Не стоит, впрочем, преувеличивать ни автобиографизма, ни мемуарности «Хроники» Салимбене. Ведь не в рассказе о себе и своей судьбе состояла цель произведения. Да и в каких мемуарах возможно было бы, чтобы начинались они задолго до рождения их автора, который, к тому же, говорил бы о своей жизни очень скупо, подчас не находя даже нужным уточнить, где он бывал и что делал в те или иные периоды своей жизни? Чтобы вести речь о себе, человек Средних веков должен был иметь какие-то очень веские основания, оправдывающие его; ибо говорить о своей персоне без серьезного к тому повода, по его понятиям, означало бы впасть в грех гордыни. А Салимбене был человеком своего времени, причем типичным человеком, для которого отдельная, даже собственная, личность как таковая не считалась объектом, достойным внимания и изучения, не обладала самоценностью в своих индивидуальных проявлениях.

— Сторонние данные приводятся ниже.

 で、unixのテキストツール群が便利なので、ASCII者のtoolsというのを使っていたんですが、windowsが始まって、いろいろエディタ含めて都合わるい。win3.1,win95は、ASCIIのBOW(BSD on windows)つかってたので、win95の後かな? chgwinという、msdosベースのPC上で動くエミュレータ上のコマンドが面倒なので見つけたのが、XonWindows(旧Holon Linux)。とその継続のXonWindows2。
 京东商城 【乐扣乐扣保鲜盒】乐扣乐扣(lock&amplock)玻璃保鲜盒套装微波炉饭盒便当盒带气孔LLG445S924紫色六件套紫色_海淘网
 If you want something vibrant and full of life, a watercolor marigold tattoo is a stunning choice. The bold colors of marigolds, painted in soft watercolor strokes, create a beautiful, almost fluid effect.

Салимбене, по верному замечанию П. М. Бицилли, «не имел в виду писать своей автобиографии, ни целиком, ни частью». Русский историк хорошо показал, как к рассказу о себе францисканский хронист пришел почти случайно, в связи с упоминанием о гибели его двоюродного дяди в заметках, посвященных поражению в 1229 г. пармской коммуны от болонцев. Это упоминание дало ему повод сообщить о своей родне, а затем и кое-какие детали своего прошлого[62]. Показательно, что, закончив родословную, Салимбене не почел за лишнее объясниться и указать, что составление ее не входило в его намерения[63]; и все же он принялся за нее, найдя пять причин, оправдывающих его: во‑первых, его просила об этом его племянница Агнесса, которая, и это во‑вторых, теперь будет знать, за кого ей надо молиться; в‑третьих, он следовал обычаю древних, приводивших, как видно по Ветхому Завету, свои генеалогии; в‑четвертых, составление генеалогии позволило ему сообщить какие-то хорошие и полезные вещи (aliqua bona et utilia), о коих он не имел бы случая сказать; наконец, в‑пятых, из приведенного обозрения родни можно извлечь поучение о том, что все люди смертны и что все на свете суета[64].

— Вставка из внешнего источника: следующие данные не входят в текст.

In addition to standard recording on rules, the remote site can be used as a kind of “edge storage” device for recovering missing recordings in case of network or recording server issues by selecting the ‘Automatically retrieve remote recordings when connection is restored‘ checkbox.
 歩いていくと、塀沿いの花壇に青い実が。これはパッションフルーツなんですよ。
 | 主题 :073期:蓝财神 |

Итак, внимание к истории своего рода потребовало от Салимбене обоснования. Разрозненные же автобиографические заметки не сложились у него в целостное повествование о себе. По-видимому, в таком повествовании не было настоятельной необходимости. Ибо, если воспользоваться рассуждением Данте, высказавшим двумя десятилетиями позже в трактате «Пир» характерную для всего Средневековья точку зрения на автобиографию, она была допустима в двух случаях: во‑первых, с целью «избежать великого позора или опасности», то есть рассказом о самом себе спасти свою репутацию и восстановить справедливость, или же, во‑вторых, примером своей жизни дать людям душеспасительное наставление[65]. Салимбене не нужно было обелять себя, а нравоучительным задачам служила вся его «Хроника». Смысл кратких автобиографических сообщений в другом. Ссылками на свое присутствие в таком-то месте, а равно и на наблюдение за происходившим там Салимбене ручался за точность описываемого, ибо, подобно другим средневековым хронистам, он придавал особенно большое значение личному восприятию. Он заговаривал о себе как бы потому, что этого требовал сам предмет повествования; авторское очевидство должно было удостоверить истинность излагаемого. «Именно необходимость придать изложению мемуарный характер, – по наблюдению П. М. Бицилли, – открыла ему, так сказать, дверь для автобиографического элемента, и последний вторгается в его хронику в гораздо большей степени, чем это было нужно»[66]. Словом, автобиографичность, заметная в некоторых частях «Хроники», начиная с 1229 г. является прежде всего приемом историописания, которым Салимбене, возможно, несколько «злоупотребил», но который отнюдь не был чужд и другим средневековым хронистам.
60
Schmeidler B. Op. cit. P. XXIV.
61
Бицилли П. М. Салимбене. С. 7, 92; Paul J. Salimbene testimone e cronista // Paul J., D’Alatri M. Salimbene da Parma. (P. 13–33). P. 13.
62
Бицилли П. М. Салимбене. С. 133, 134, 137.
63
«Ecce, genealogiam parentele mee preter intentionem meam descripsi…» (Cronica. P. 78; C. 132).
64
Ibid. P. 78–80 (C. 132, 133).
65
Данте. Пир. I. II. 12–14 // Данте Алигьери. Малые произведения. М., 1968. С. 115. Данте следовал в данном отношении за Фомой Аквинским, который, в свою очередь, ссылался на Григория Великого. См.: Зарецкий Ю. П. Смертный грех гордыни и ренессансная автобиография // Средние века. М., 1992. Вып. 55 (С. 185–194). С. 185–187; Он же. Автобиографическое «Я» в Средние века и раннее Новое время. М.; СПб., 2022. С. 85–89.
66
Бицилли П. М. Салимбене. С. 93.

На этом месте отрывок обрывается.